LlamaIndex: Connect AI to Your Data

LLMs are powerful, but they don't know about your data -- your company documents, your codebase, your research papers. LlamaIndex is a data framework designed to bridge this gap. It makes it straightforward to ingest, structure, index, and query your private data using LLMs.

If LangChain is a general-purpose toolkit for building LLM applications, LlamaIndex is a specialized framework laser-focused on one thing: connecting AI to your data.

LlamaIndex Definition: An open-source data framework for building LLM applications over custom data. It provides tools for ingesting data from any source, structuring it into optimized indices, and querying it using natural language -- making it the go-to framework for RAG (Retrieval-Augmented Generation) pipelines.

Why LlamaIndex?

Building a RAG system from scratch involves many steps: loading documents in different formats, splitting them into chunks, computing embeddings, storing them in a vector database, retrieving relevant chunks at query time, and synthesizing a final answer. LlamaIndex provides clean abstractions for every one of these steps.

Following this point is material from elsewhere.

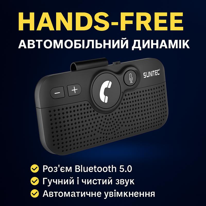 Динамик беспроводной Sunitec, Bluetooth аудио ресивер с микрофоном, аккумуляторный, для автомобиля, BC980P SUNITEC BC980P -- это современное устройство для громкой связи, позволяющее отвечать на звонки и слушать музыку в авто без отвлеканий от дороги. Идеальное решение для водителей, которые заботятся о своей безопасности и хотят оставаться на связи. 🔧 Технические характеристики: - Bluetooth: 5.0 (QCC/CSR чипсет) - Аккумулятор: 650 мАч - Время разговора: до 20 годин - Время ожидания: понад 1000 годин - Время зарядки: ~2-3 години - Мощность динамика: 3 Вт - Режим сну: автоматическое отключение при потере связи - Подключение: до 2 телефонов одновременно - Громкость/трек-контроль: кнопками на корпусе - Микрофон: встроенный с шумоподавлением DSP - Крепление: кліпса для козирка в комплекті - Питание: через USB Type-C (кабель + автоадаптер в комплекте) * * * Что делает SUNITEC BC980P идеальным выбором: - Автоматическое включение/выключение: устройство включается сам, когда вы садитесь в авто, и переходит в спящий режим, если Bluetooth сигнал исчезает. - Шумоподавление: четкий звук даже на скорости или в пробках благодаря технологии DSP и качественному микрофону. - Поддержка голосовых ассистентов: совместимость с Siri и Google Assistant для полностью "hands-free" опыта. - Два телефона - один динамик: легко переключайтесь между частными и рабочими вызовами. - Полный контроль под пальцами: принимайте звонки, регулируйте громкость или переключайте треки прямо с панели устройства. - Компактность и надежное крепление: быстро монтируется на козырек благодаря металлическому зажиму - никаких проводов или сложного монтажа. - Экономия заряда: устройство разумно сохраняет энергию и сигнализирует о необходимости в зарядке. * * * Как подключить: 1. Включите Bluetooth на смартфоне. 2. Включите устройство переключателем сверху. 3. Удерживайте центральную кнопку 3-5 секунд - начнет мыть. 4. На телефоне выберите «BC980P» -- готово! * * * Кому подойдет: - Водиум такси, Uber, Bolt - Дальнобойщикам, логистам - Автовладельцам без штатной Bluetooth-системы - Тем, кто ищет подарок автолюбителю Название характеристики Значение Тип Система громкой связи / Автомобильный спикерфон Модель SUNITEC BC980P Производитель SUNITEC Страна производитель Китай Совместимость Все телефоны с Bluetooth (iOS / Android) Bluetooth Версия 5.0 (QCC/CSR) Дальность соединения До 10 метров Подключение двух устройств Да (Multipoint) Тип питания Встроенный аккумулятор + зарядка от USB Емкость аккумулятора 650 мАч Время работы в режиме разговора До 20 годин Время работы в режиме ожидания До 1000 годин Время полной зарядки 2-3 години Мощность динамика 3 Вт Тип микрофона Встроенный с шумоподавлением DSP Автоматическое включение/выключение Так, на основе вибрационного датчика Функции Прием/отклонение вызова, регулировка громкости, перемотка треков Управление музыкой Так, с кнопок на корпусе Голосовое управление Поддержка Siri / Google Assistant Тип установки Крепление на солнцезащитный козырек Материал корпуса Пластик, металлический зажим Размеры (Д × Ш × В) 116 × 67 × 17 мм Вес 70 г Тип зарядного интерфейса USB Type-C Комплектация Спикерфон, кабель Type-C, автоадаптер, клипса, инструкция Стан Новый

Key reasons developers choose LlamaIndex:

Data-first design -- built specifically for connecting LLMs to data
160+ data connectors -- load from PDFs, databases, APIs, Notion, Slack, Google Drive, and more via LlamaHub
Multiple index types -- vector, keyword, tree, summary, and knowledge graph indices
Advanced retrieval -- hybrid search, reranking, recursive retrieval, sub-question decomposition
Simple to start, powerful to scale -- a basic pipeline is 5 lines of code; production pipelines have full customization

Installation and Setup

bash

# Install LlamaIndex core
pip install llama-index

# Install OpenAI integration (default LLM and embedding provider)
pip install llama-index-llms-openai llama-index-embeddings-openai

# Optional: readers for PDF, DOCX, and other file types
pip install llama-index-readers-file

Set your API key:

bash

export OPENAI_API_KEY="your_openai_api_key_here"

Never hardcode API keys in your source files. Use environment variables or a

.env

file with

python-dotenv

Core Concepts

LlamaIndex has five key abstractions that form the backbone of every application.

1. Documents

A Document is a container for your source data. It could be a PDF, a webpage, a database row, or an API response. Documents hold the raw text and associated metadata.

python

from llama_index.core import Document

# Create documents manually
doc = Document(
    text="LlamaIndex is a data framework for LLM applications.",
    metadata={"source": "docs", "category": "overview"}
)

# Or load documents from files (the most common approach)
from llama_index.core import SimpleDirectoryReader

# Load all supported files from a directory
documents = SimpleDirectoryReader("./my_data").load_data()
print(f"Loaded {len(documents)} documents")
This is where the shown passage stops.